Biraz daha doğuda, Şahinefendi köyü yakınlarında hala kazıları devam edein Sobesos Antik Şehri yer alıyor. Soğanlı’ya kadar uzanan alana yayılmış Roma dönemine ait bu antik şehir; harika mozaikler ile bezenmiş idarı binaları, toplantı salonları ve banyoları ile, çok gelişmiş bir yerleşkenin habercisi.
Biraz daha doğuda yer alan Soğanlı ise bölgenin üç önemli vadisisinden birisine ev sahipliği yapıyor. Yüzlerce peri bacası kilisenin yer aldığı vadi Kapadokya’nın az bilinen ve keşfedilmeyi bekleyen bölgelerinden birisi. Soğanlı köyü ise el yapımı bez bebekleri ile meşhur. Aile kadınlarının bir geleneği haline gelen bu bez bebekler gelinden, yün eğrene, testi taşıyandan, çocuk büyütene farklı tasvirler içeriyor.

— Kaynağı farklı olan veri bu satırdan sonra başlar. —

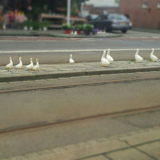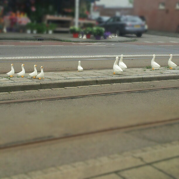 Kijk, deze eenden kwam ik zomaar tegen bij de halte van de tram. Waar zouden ze naar toe gaan? Nu ik er een beetje op let zie ik het steeds vaker. Grappige, mooie en rare toevoegingen aan de normale dingen op straat. Houten eendjes bij de tam, sjaaltjes om een boom en een piepklein mannetje levensecht geschilderd op de voet van een stoplichtpaal. Ik vind het een vrolijk tegendraads idee, zomaar iets geks toevoegen aan de wereld om je heen. Extra kleur in de soms zo grijze stad. En echt, als je er op let, zie je er meer en meer. Hebben jullie al iets gespot? |

Kayseri yoluna doğru, Gümüşler kasabası yakınlarında yer alan yer alan Gümüşler Manastırı ise çok iyi korunmuş muhteşem renkteki freskleri ile ünlü. 10. yy’a dayanan Gümüşler Kapadokya’nın en büyük manastırlardan birisi. Manastır apsisinin solundaki nişte yer alan ‘Gülümseyen Meryem ve Bebek İsa’ tasviri Anadolu’daki tek gülümseyen Meryem freski olarak biliniyor.

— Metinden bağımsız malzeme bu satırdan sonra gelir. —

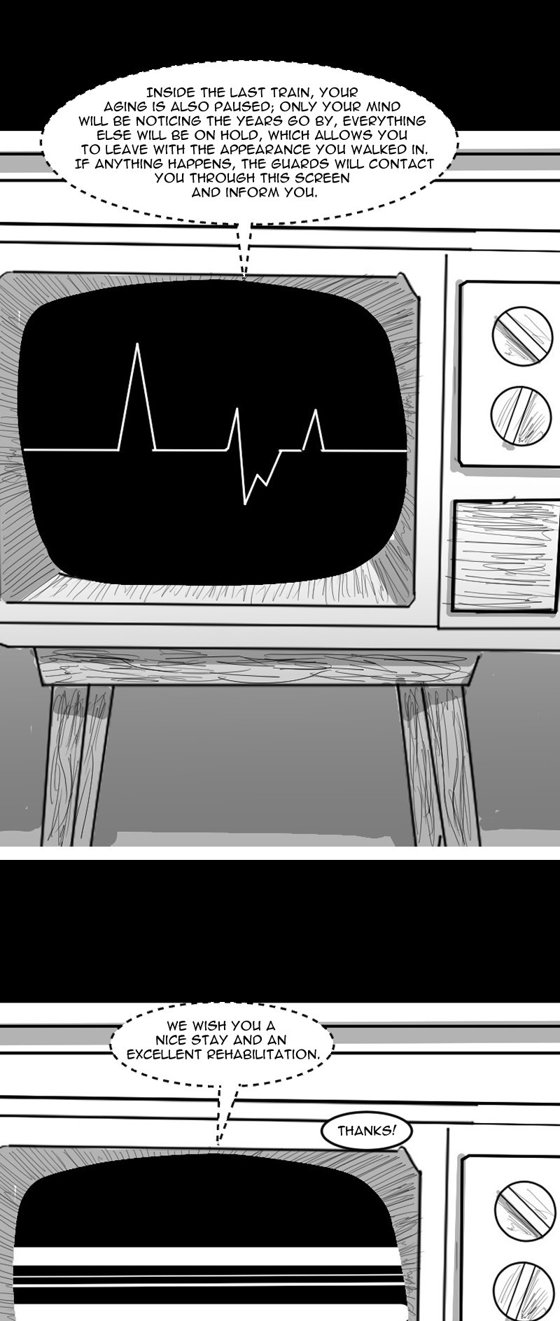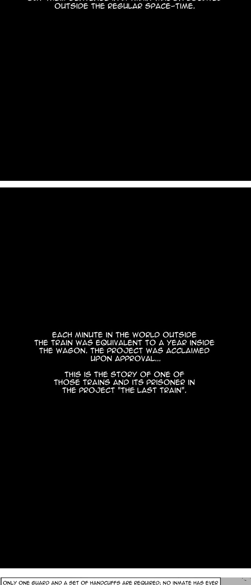 In a world where prison has been revolutionized, the "last train" project emerges. A project where the prisoner spends only a few minutes of the real world inside a white train, but years inside the carriage. A prisoner is chosen for the project, his sentence is 6 years and he will only spend 6 minutes of the real world in that universe, but something goes wrong...

YOLCULUK TERAPİSİ KAPADOKYA YAZILARI:
- KAPADOKYA İZLENİMLERİ: yolculukterapisi.com/kapadokya-izlenimleri/
- KAPADOKYA ROTALARI: yolculukterapisi.com/kapadokya-rotalari/
- KAPADOKYA KASABA VE KÖYLERİ: yolculukterapisi.com/kapadokya-kasabalari-koyleri/
- KAPADOKYA AKTİVİTELERİ: yolculukterapisi.com/kapadokya-aktiviteleri/
- KAPADOKYA’NIN MASAL EV OTELLERİ: yolculukterapisi.com/kapadokya-otelleri/
- KAPADOKYA’DA BİR SANAT ENSTELASYONU: ARGOS OTEL: yolculukterapisi.com/kapadokya-argos-otel/
- KAPADOKYA’DA FRANSIZ TÜRK BULUŞMASI: MAISONS DE CAPPADOCE OTEL: yolculukterapisi.com/kapadokya-maisons-de-cappadoce/
- KAPADOKYA RESTORANLARI & ALIŞVERİŞ ADRESLERİ: yolculukterapisi.com/kapadokya-restoranlar-alisveris/
NE ZAMAN GİDİLİR?
Aslında Kapadokya 4 mevsim boyunca sizi farklı sürprizlerle karşılayan cömertlikte bir yer. Ancak uzun yürüyüşler ve balon gezileri için ilkbahar ve sonbahar en güzel zamanlar. İleriki ziyaretlerinizde kışın karlar ile kaplanan Kapadokya’nın büyülü ve romantik atmosferini yaşamanızı tavsiye ederim. Temmuz – Ağustos’ta aşırı sıcaklar zamanı yürüyüşler pek mümkün olamıyor.